Claim. The sum of the first ${\displaystyle n}$ cubes is

${\displaystyle {\displaystyle \sum _{i=1}^{n}i^{3}\,=\,1^{3}+2^{3}+\cdots +n^{3}\,=\,{\frac {n^{2}(n+1)^{2}}{4}}.}}$

Notice that the formula is really similar to that for the first ${\displaystyle n}$ natural numbers.

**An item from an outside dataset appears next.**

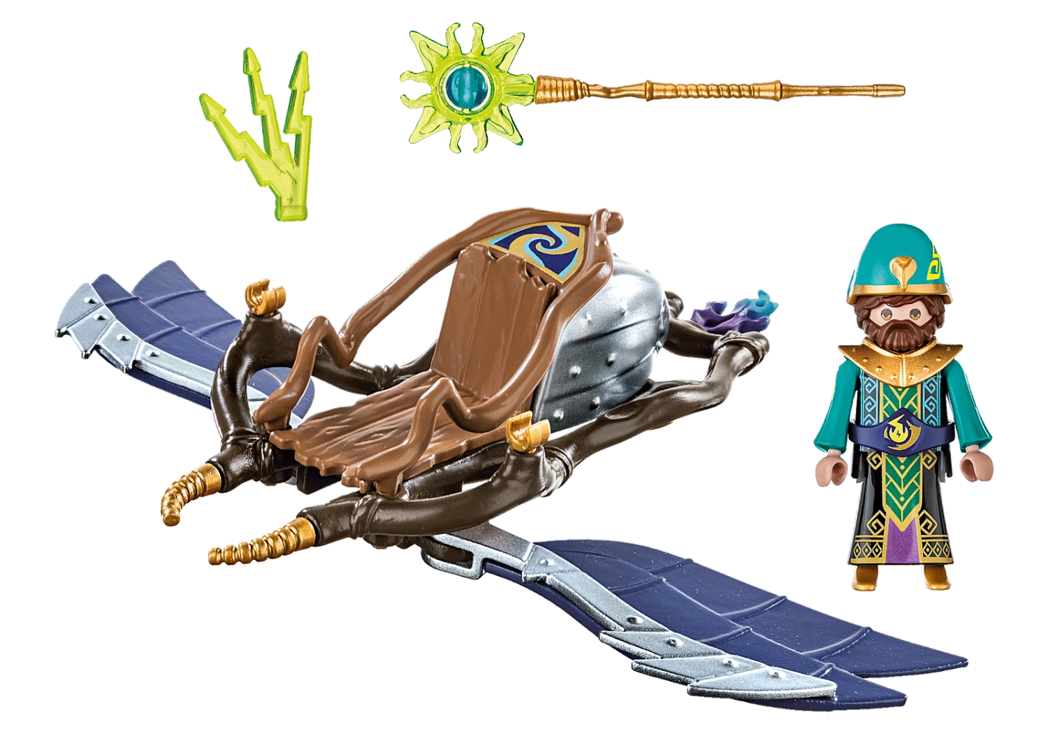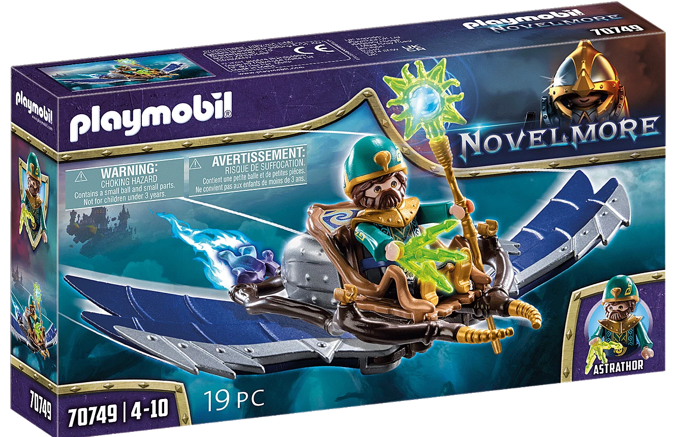 Cunning Astrathor is the magician of the air. With his wind glider, he floats across the sky as if by magic and watches out for evil forces. His magic even enables Astrathor to influence the weather. If he spots a demon, he waves his magic wand, casts a spell and in an instant a violent storm comes up. The evil spirit is quickly put to flight. The playset includes Novelmore character wizard Astrathor with magic wand and a wind glider with wings to unfold.

Proof. Plugging in ${\displaystyle n=1,}$ we find that

${\displaystyle {\displaystyle {\frac {n^{2}(n+1)^{2}}{4}}\,=\,{\frac {1^{2}(1+1)^{2}}{4}}\,=\,1,}}$

completing our base step.

For the induction step, let's assume the claim is true for ${\displaystyle n-1,}$ so

${\displaystyle {\displaystyle \sum _{i=1}^{n-1}i^{3}\,=\,{\frac {(n-1)^{2}\left(\left(n-1\right)+1\right)^{2}}{4}}\,=\,{\frac {(n-1)^{2}n^{2}}{4}}.}}$

Now, we have

${\displaystyle {\begin{array}{rcl}{\displaystyle \sum _{i=1}^{n}i^{3}}&=&{\displaystyle \sum _{i=1}^{n-1}i^{3}+n^{3}}\\\\&=&{\displaystyle {\frac {(n-1)^{2}n^{2}}{4}}+n^{3}\qquad \qquad {\mbox{(by the induction assumption)}}}\\\\&=&{\displaystyle {\frac {n^{4}-2n^{3}+n^{2}}{4}}+{\frac {4n^{3}}{4}}}\\\\&=&{\displaystyle {\frac {n^{4}+2n^{3}+n^{2}}{4}}}\\\\&=&{\displaystyle {\frac {n^{2}(n^{2}+2n+1)}{4}}}\\\\&=&{\displaystyle {\frac {n^{2}(n+1)^{2}}{4}}},\end{array}}}$

as required.

${\displaystyle \square }$

Aside from being good examples of proof by simple or weak induction, these formulas are useful to find an integral as a limit of a Riemann sum.